Однажды, когда я был на выставке произведений в пермском зверином стиле в Пермском краеведческом музее, откуда ни возьмись появилась школьная учительница и с большим энтузиазмом рассказала мне о летних поездках своих учеников в поисках пермских артефактов звериного стиля. «Они ничего не нашли, – сказала она, – но очень много узнали об археологических методах и истории Пермского края». Среди культурных работников и менеджеров ходили слухи о ценных частных коллекциях и об оживленном черном рынке статуэток.
Илл. 10а и 1 Об. Изображения археологических находок в пермском зверином стиле, ставших популярными в Пермском крае в первом десятилетии XXI века. Артефакты пермского звериного стиля обычно интерпретировались как объединяющие три мира: подземный мир, олицетворяемый роющим ящером, на котором стоит каждая фигура; земля, которую олицетворяют люди, гибриды человека и животных или антропоморфные божества; и небо в виде трехглавой богини с орлами. 10а: Пермский краеведческий музей № 19497/391, VII–VIII вв. Пластина прорезная – «человеколось» на «ящере». 74 х 32 мм. Бронза, литье. Коллекция М. Н. Зеликмана, Верхнее Прикамье, Пермский край. 1 Об: Крылатая трёхликая богиня, стоящая на ящере. Над каждым ликом по грифону. VIII–IX вв. д. Усть-Каиб. Бронза; 16,2 х 9,0 см. Чердынский краеведческий музей, № 1930.

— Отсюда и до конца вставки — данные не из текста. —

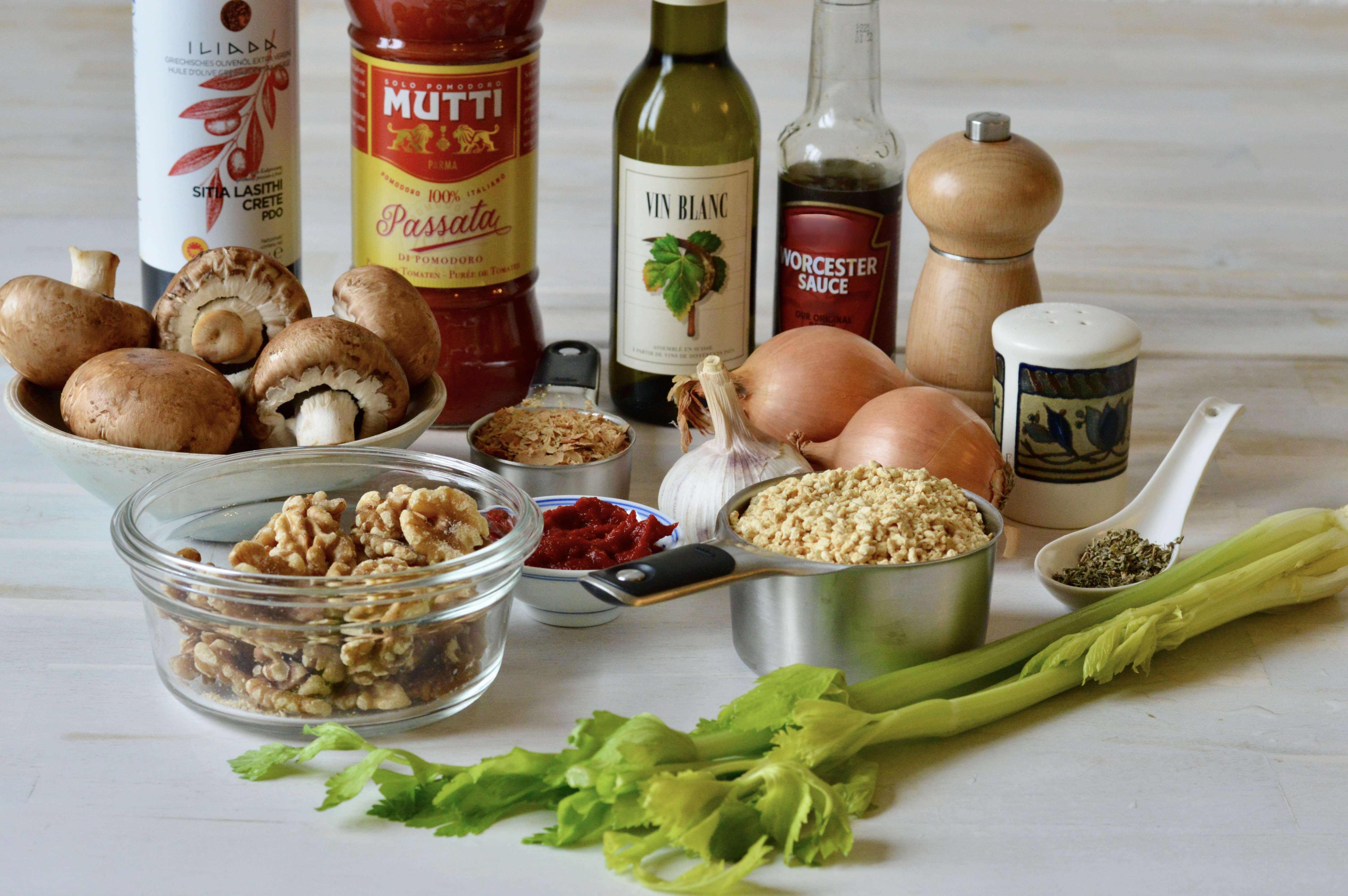 So, I scratched the lentils and decided to give the sauce a more authentic “Bolognese” taste and texture by mixing together the TVP granules with walnuts and chopped mushrooms—often the main ingredients in the making of veggie burgers.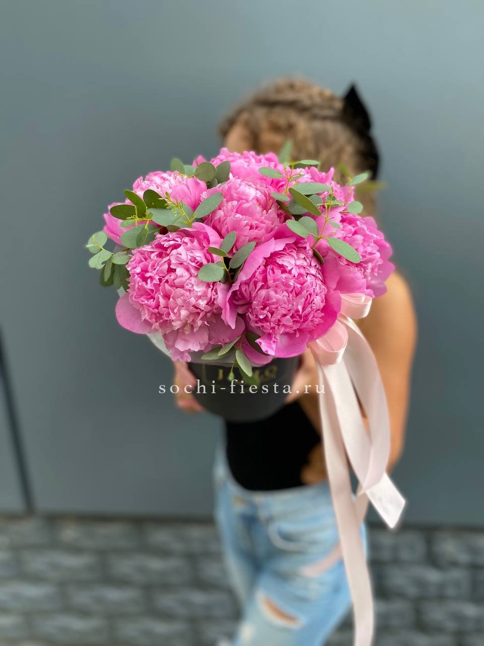 Семь пионов раскрываются пышными шапками в компактном цилиндре. Каждый бутон демонстрирует многослойную структуру лепестков, а эвкалипт обрамляет композицию лёгким серебристым кольцом.

Современные ученые датируют большинство этих отливок седьмым – двенадцатым веками. Вероятно, они были изготовлены умельцами различных финно-угорских племен, и действительно, профессиональные археологи более или менее едины в своем мнении, что прилагательное «пермский» в названии этого звериного стиля в некотором роде вводит в заблуждение. Хотя некоторые статуэтки, найденные на севере Пермского края, и правда обладают определенными характерными чертами, но в целом подобные фигурки встречаются среди археологических находок на большей части Евразии. Скудные сведения об этих ранних племенах сделали изучение пермского звериного стиля особенно сложной темой археологических исследований [Игнатьева 2009], и ученым чрезвычайно трудно уверенно связать те или иные артефакты с конкретными племенами и их перемещениями по территории Евразии.
Однако для Шостиной и ее коллег-этнофутуристов из «Камвы» научная точность в отношении артефактов, отнесенных к пермскому звериному стилю, не была единственной целью. Их особенно привлекали связанные с этим стилем теории, утверждавшие, что эти бронзовые отливки передавали мировоззрение финно-угорских шаманов, особенно их взаимоотношения с животными и способность к посредничеству между мирами небесным, земным и подземным [356]. Рассказывая мне о собственном опыте в области создания культурных ценностей до «Камвы», Шостина отнесла некоторые ключевые источники своего вдохновения к пермскому звериному стилю: «Я начала понимать, как много информации эти фигуры открывают мне». Об этом же она рассказывала журналистам, которые спрашивали о происхождении фестиваля «Камва»:
Чудь для меня – это параллельный живой мир, который существует реально. Который очень скупо, но все-таки дает нам о себе знать. <…> И в финно-угорский мир мы вошли как раз как театральный проект “Мимикрия”, посвященный чуди и пермскому звериному стилю. Я поняла, что это моя научная творческая линия, за которую я несу ответственность не столько потому, что мне это нравится, сколько потому, что это может рассказать миру что-то такое, что можно уловить только в Перми [Темирова 2009].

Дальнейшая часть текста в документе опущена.